ACS Accuses NCBI s PubChem of Copying Its CAS Registry; Is Compromise Possible?


In a move that has taken NIH officials by surprise, the American Chemical Society is enlisting several political allies to pressure NCBI into scaling back its new PubChem small-molecule database, claiming that it duplicates ACS' subscription-based Chemical Abstracts Service.

In March, Ohio Governor Bob Taft and the state's congressional representatives drafted a letter to US Health and Human Services Secretary Michael Leavitt arguing that PubChem presents unfair competition for CAS that could lead to a loss of jobs in the state. CAS, a nonprofit, employs 1,200 people in Ohio.

Talks between the ACS and NIH are still ongoing, but the parties have yet to reach an agreement. Some observers believe that ACS is pushing to shut down the database altogether through its lobbying efforts or a lawsuit.

Michael Dennis, vice president of planning and development for CAS, told BioInform that the NIH has gone "way beyond [its] stated purpose" with the launch of PubChem, which came online in October. This purpose, Dennis said, was to provide a repository for small molecules and bioassay information generated under the Molecular Libraries Screening Center Network, an NIH Roadmap initiative.

"The problem for us is that they're not focusing on that," Dennis said. "Instead, they are adding small molecules to the PubChem database from anyplace that they can get them from, and in any category. … The categories are not just small molecules with drug-like qualities. Instead there are small molecules in there from categories like explosives, which probably aren't going to cure any diseases.

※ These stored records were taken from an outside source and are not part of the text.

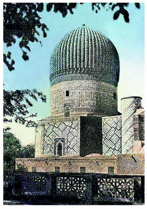 [[File:АРХИТЕКТУРА_59.png | thumb | Самарканд.<br>Гур Эмир мавзолейи, XV кылымдын башы.]]Күмбөздөрдүн (XII кылым) кирпичтери оймо-чиймеленип, көркөм кыналып жана оюу түшүрүлгөн, сары-кызыл чопо <span cat="ж.кыск" oldv="м-н">менен</span> кооздолгон; «ислими» аттуу өтө кооз өсүмдүк ''арабескасы,'' «куфи» <span cat="ж.кыск" oldv="ж-а">жана</span> «насх» жазуулары, өсүмдүктөрдүн, жылдыздардын каршы-терши оймо-чиймелери, чегилген сызыктардын татаал айкалыштары <span cat="ж.кыск" oldv="ж-а">жана</span> кирпичтен кыналган геометриялык оюулар – «гирихтер» кооздугу <span cat="ж.кыск" oldv="ж-а">жана</span> жасалгасынын чебердиги <span cat="ж.кыск" oldv="м-н">менен</span> көз жоосун алат. Кыргызстандын Каракоюн суусунун жээгинде, Ат-Башыдан 80 ''км'' аралыкта Жети-Суу <span cat="ж.кыск" oldv="м-н">менен</span> Кашкарды байланыштырган байыркы кербен жолунда жергиликтүү башкаруучу Мухамед хан | [[File:АРХИТЕКТУРА_59.png | thumb | Самарканд.<br>Гур Эмир мавзолейи, XV кылымдын башы.]]Күмбөздөрдүн (XII кылым) кирпичтери оймо-чиймеленип, көркөм кыналып жана оюу түшүрүлгөн, сары-кызыл чопо <span cat="ж.кыск" oldv="м-н">менен</span> кооздолгон; «ислими» аттуу өтө кооз өсүмдүк ''арабескасы,'' «куфи» <span cat="ж.кыск" oldv="ж-а">жана</span> «насх» жазуулары, өсүмдүктөрдүн, жылдыздардын каршы-терши оймо-чиймелери, чегилген сызыктардын татаал айкалыштары <span cat="ж.кыск" oldv="ж-а">жана</span> кирпичтен кыналган геометриялык оюулар – «гирихтер» кооздугу <span cat="ж.кыск" oldv="ж-а">жана</span> жасалгасынын чебердиги <span cat="ж.кыск" oldv="м-н">менен</span> көз жоосун алат. Кыргызстандын Каракоюн суусунун жээгинде, Ат-Башыдан 80 ''км'' аралыкта Жети-Суу <span cat="ж.кыск" oldv="м-н">менен</span> Кашкарды байланыштырган байыркы кербен жолунда жергиликтүү башкаруучу Мухамед хан | ||
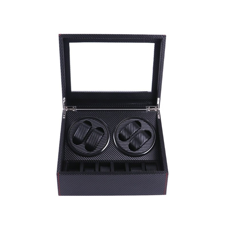 Dodatkowo posiada 6 slotów z poduszeczkami na zegarki Cechy produktu: - eleganckie wykończenie ekoskóra imitującą karbon - wbudowany, niemal bezgłośny silnik
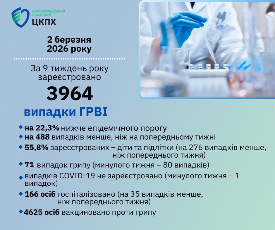 Епідемічна ситуація на Кіровоградщині: підсумки 9-го тижня року
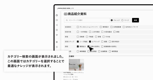例えば、商品紹介における商品紹介資料を探す際には「フリーワード検索」を中心に設定し、商品名などから探せるようにする、顧客提案における過去提案書を探す場合には「カテゴリー検索」を中心に設定し、顧客の業種や課題から探せるようにする、営業進行における契約手続きを調べる場合には「チャット検索」を設定し、知りたい手続きをチャット形式で質問できるなどが可能になります。
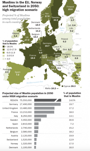 Finalmente, y en un escenario de inmigración “alto”, en el que se combinaría la persistente llegada de refugiados con la venida de nuevos inmigrantes, prácticamente en su totalidad provenientes de países islámicos, la población musulmana en Europa podría alcanzar el 14%, siempre teniendo únicamente en cuenta la población “oficial” de refugiados e inmigrantes, ya que los llegados a través de redes de inmigración ilegal, que se cuentan por cientos de miles, son prácticamente indetectables.
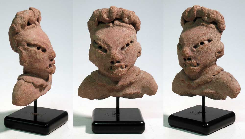 Pre-Classic Bust. An exceptional Pre-Classic figure found near Mitla in Oaxaca, Mexico, ca. 400 – 100 BC. This well preserved example is 3-1/2” high and depicts an elite individual wearing a fancy headdress. Mounted on stand. Ex Magor collection.
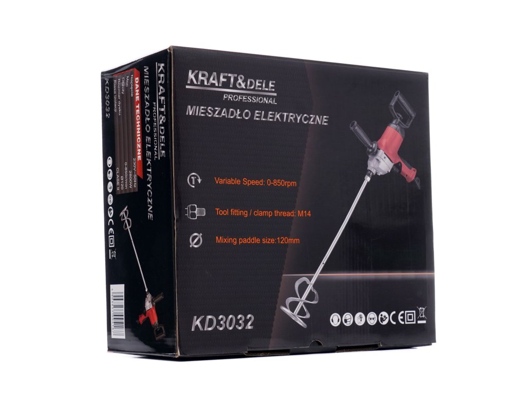 - Obsah balení zahrnuje vše, co potřebujete: míchadlo KD3032, míchadlo s upevněním M14, nástroj pro údržbu a uživatelskou příručku
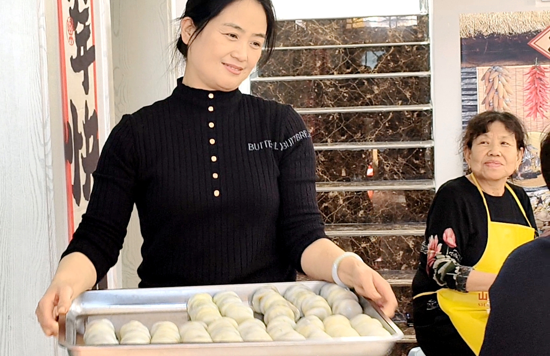赵翠红家里更是一派忙碌喜悦,36位巧婆媳妇齐聚一堂,手里包着油糕,嘴里聊着家常,满屋笑声不断。没多少功夫,桌上就整整齐齐摆满了一盘盘黄亮精巧的油糕,过年的热闹和暖意,在这屋里漫延开来。
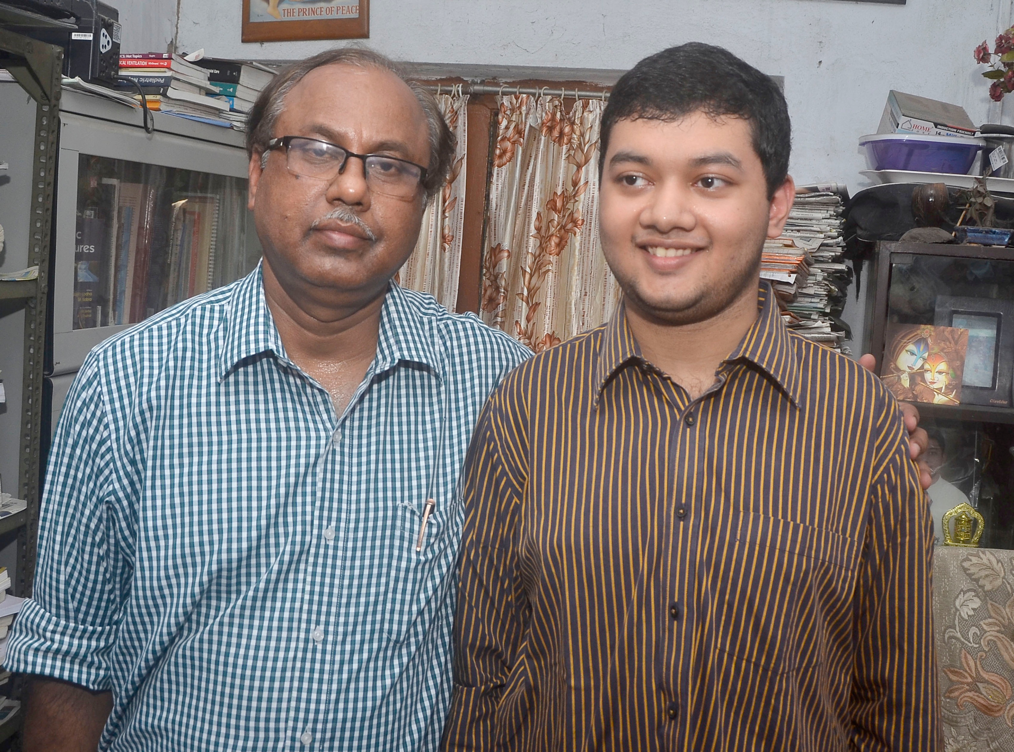 বাবার সঙ্গে তৃতীয় স্থানাধিকারী সপ্তর্ষি ঘোষ। নিজস্ব চিত্র।

Or categories like plastics, polymers, or industrial chemicals, like acetylene, and textile dyes — not drug-like small molecules."

Dennis said that ACS views the NIH Roadmap as "a wonderful initiative," and "we're not asking that they take PubChem down or kill PubChem." However, he said the database was not what ACS had expected. "If you were to look at a PubChem record and a CAS Registry record, you would see that if you put the two side by side, both in form and in substance, it's all the same information."

Christopher Austin, senior advisor for translational research at NHGRI and a principal leader for the Molecular Libraries implementation group, told BioInform that he and other NIH officials were "flabbergasted" by ACS' claims. "Both the topic and the ferocity with which that has happened has taken us by surprise," he said.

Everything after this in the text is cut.